### [The problem]
From the line containing "Design a necklace" down to the last line of the listing, quote everything word for word, and nothing else, keeping pictures out.

### [Material provided]
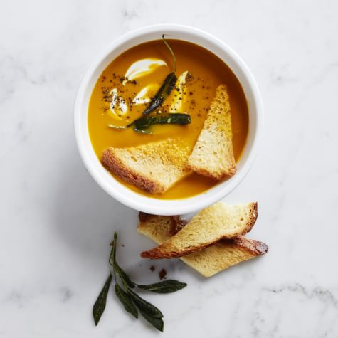 Butternut Squash Soup with Crème Fraîche and Fried Sage >
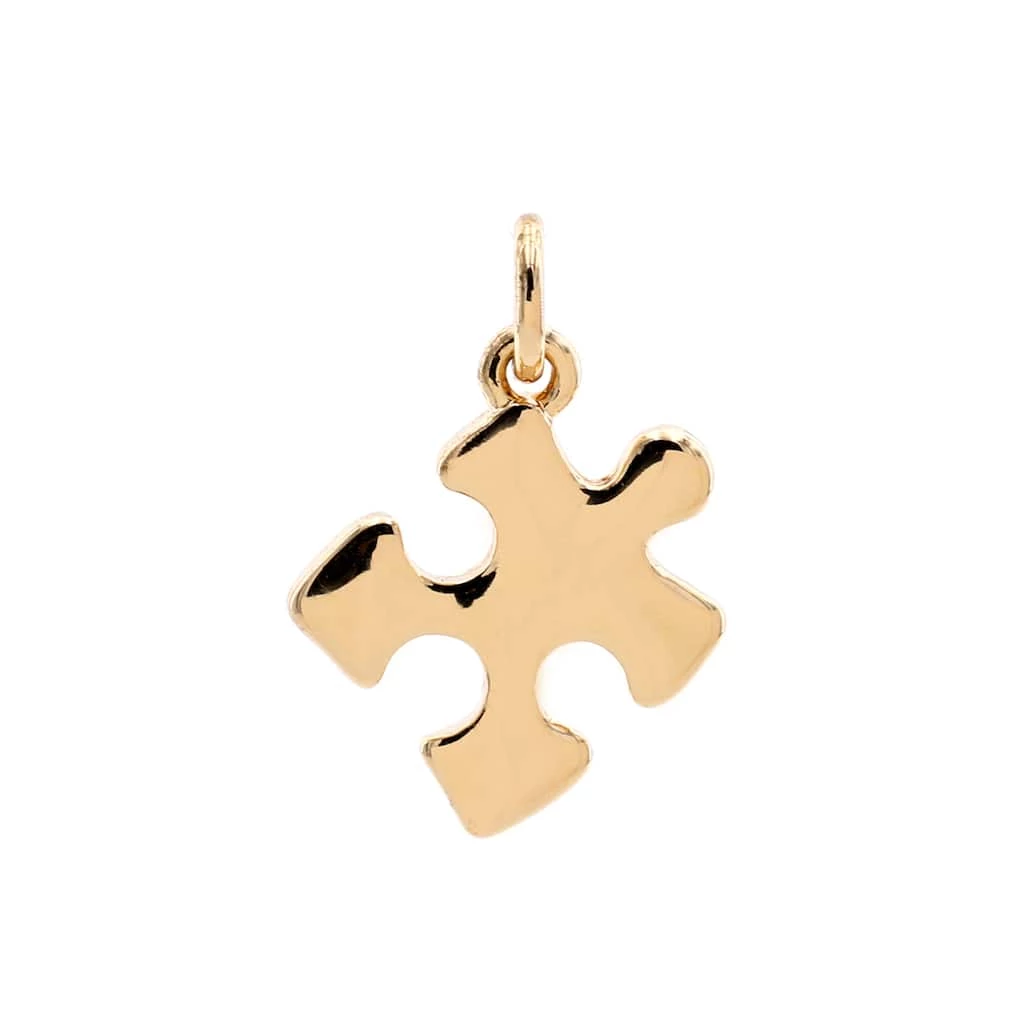Design a necklace with this 14K gold plated puzzle charm. This charm can also be connected to a bracelet or keychain.
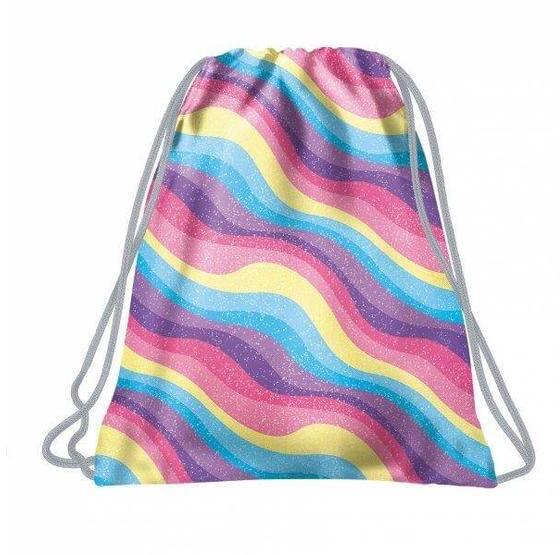 BackUp Pasztell tornazsák - Színes hullámok (WOB6A21) teteje madzaggal szűkíthető. Iskolai testnevelés órára vagy kisebb kirándulásra is remek választás.
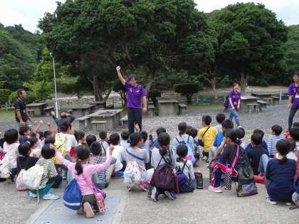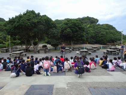 夕方,みさきの家の先生から「かご漁」について教えてもらいました。漁師さんが実際に行っている漁で,海の中にえさを付けたかごを沈め,そこに入った魚やたこなどを捕るそうです。そして今日はその「かご漁」に嵯峨小学校の4年生が挑戦するのです。

### [Answer to the exercise]
Design a necklace with this 14K gold plated puzzle charm. This charm can also be connected to a bracelet or keychain.
 BackUp Pasztell tornazsák - Színes hullámok (WOB6A21) teteje madzaggal szűkíthető. Iskolai testnevelés órára vagy kisebb kirándulásra is remek választás.
 夕方,みさきの家の先生から「かご漁」について教えてもらいました。漁師さんが実際に行っている漁で,海の中にえさを付けたかごを沈め,そこに入った魚やたこなどを捕るそうです。そして今日はその「かご漁」に嵯峨小学校の4年生が挑戦するのです。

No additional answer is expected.